GIVEN MATERIAL Start Marker

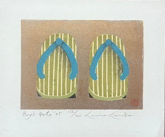 Kunio Kaneko : boy's Geta - Estampe japonaise contemporaine
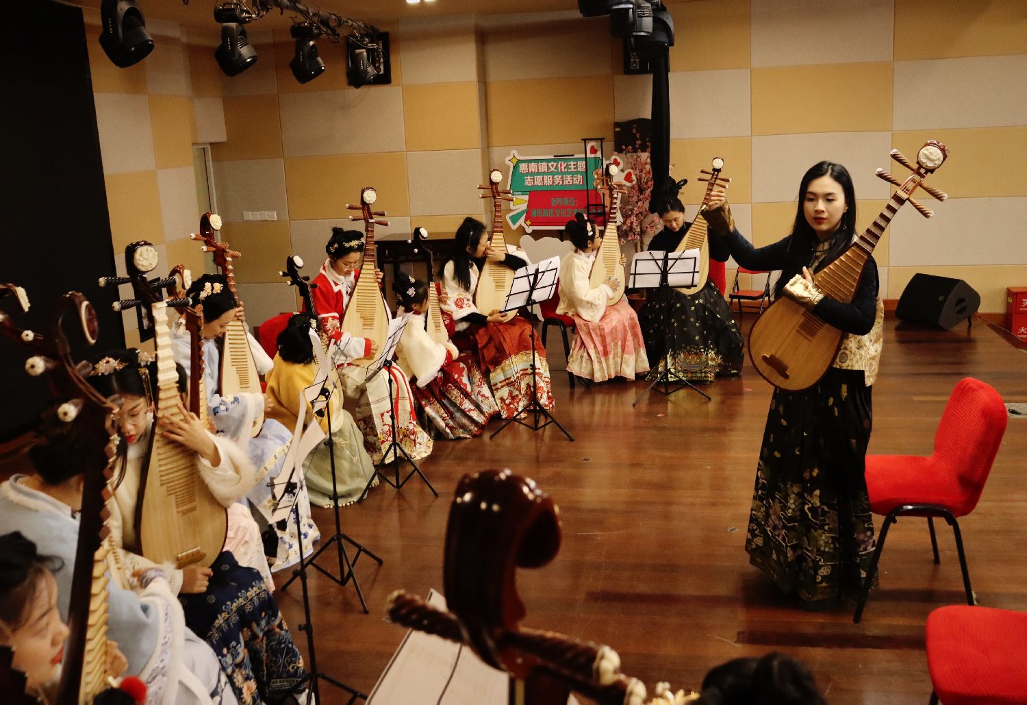 舞台上,十数名琵琶爱好者身着汉服,髻簪绒花,怀抱琵琶。舞台前,“90后”沪漂姑娘王睿琳手持曲谱,细细讲解曲目技法。轻拢慢捻抹复挑,“叮咚”声次第渐起,一曲《新年好》萦绕在教室中。
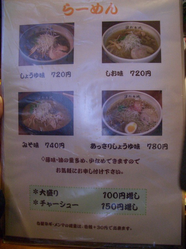 昼を家で食べようかと思い、車を走らせていたら、これも思わず前を通りかかった、麺匠 ほたる火(住所:札幌市西区八軒6条東2丁目8-2、TEL:011-616-2143)に寄ってしまいました。
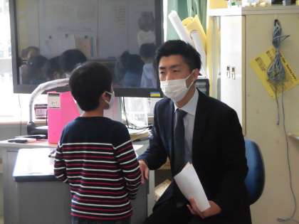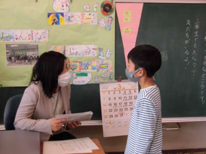 今年度最後の成績表を渡す様子です。

GIVEN MATERIAL End Marker

Set down the material once more, exactly, with the pictures omitted.

-- EXPECTED ANSWER --
 Kunio Kaneko : boy's Geta - Estampe japonaise contemporaine
 舞台上,十数名琵琶爱好者身着汉服,髻簪绒花,怀抱琵琶。舞台前,“90后”沪漂姑娘王睿琳手持曲谱,细细讲解曲目技法。轻拢慢捻抹复挑,“叮咚”声次第渐起,一曲《新年好》萦绕在教室中。
 昼を家で食べようかと思い、車を走らせていたら、これも思わず前を通りかかった、麺匠 ほたる火(住所:札幌市西区八軒6条東2丁目8-2、TEL:011-616-2143)に寄ってしまいました。
 今年度最後の成績表を渡す様子です。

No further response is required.